Rep. Marcia Morey of Durham was the only House Democrat opposing the budget who spoke against it.
The budget is a product of hard work and has a lot that’s good for the state, Morey said, but there’s too much wrong with it.
“Each of must decide whether the good outweighs the bad or the bad outweighs the good,” Morey said.
The average 5% raises for teachers over two years, and the 5% for state employees are not enough when the state can afford to do better, Morey said. And with prices for housing and other essentials rising now, bus drivers, cafeteria workers, and state employees should not have to wait until July to see a minimum $15 hourly wage, she said.
Morey also observed that budget does not meet the court mandate to fund the $1.7 billion first installment of Leandro school spending recently ordered by state Superior Court Judge David Lee.
“We have the money,” and children have constitutional right to a sound basic education, she said.
The state started the year with about $6 billion in unspent money, mostly because it had not enacted a comprehensive budget in two years.
Billions in federal COVID-19 and economic rescue funds further fattened state coffers.
The budget leaves about $2.5 billion unspent.

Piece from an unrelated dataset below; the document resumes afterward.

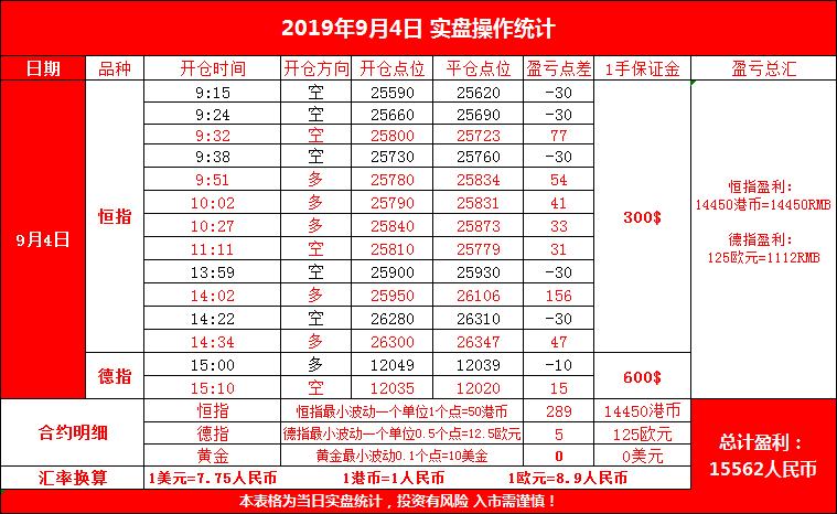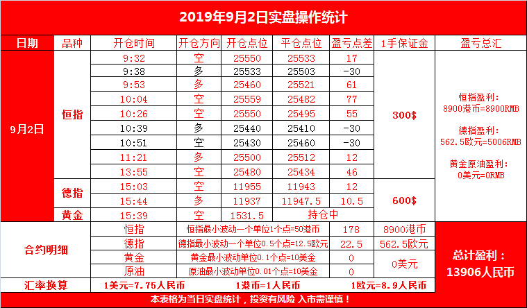 今日小结: 行情回顾:恒指早盘低开低走一轮,连续震荡后受上证开盘快速下跌连续下破低位小幅反弹再次走跌,减缓波动后震荡下跌至今日低位25264后行情快速反转,连续高走回补跌势缺口,震荡横盘至收盘,下午开盘高走一轮小幅回跌后上证收盘后快速高走补缺早盘低开缺口后,回踩一轮再次高走至收盘,整体是一个宽幅的不规则震荡走势。 盘中建议: 恒指:早盘预计今日行情与实盘有所偏差,早盘第一单,因没有及时出局而导致止损,后见空头局势强势连续给出空头思路建议挽回损失,后续因行情的转向较为突然,多头行情没有及时把握住,下午见行情有所稳定后连续开仓获利整体指导表现不错 黄金:开仓点位较低,预判的压力区间低于实际行情的

By the end of the two-year budget cycle, the state will have $4.25 billion in its main reserve fund.
Morey said her biggest concern is the corporate income tax rate cut. The 2.5% tax — the lowest rate of any state that has such a tax — will be phased out starting in 2025 and hit zero by the end of the decade.
Morey lamented that this change will chiefly help out-of-state corporate shareholders at the expense of state residents.
Taken together, tax cuts in the budget will cost $8 billion a year when fully implemented, Morey said. “It’s a huge price to pay,” she said.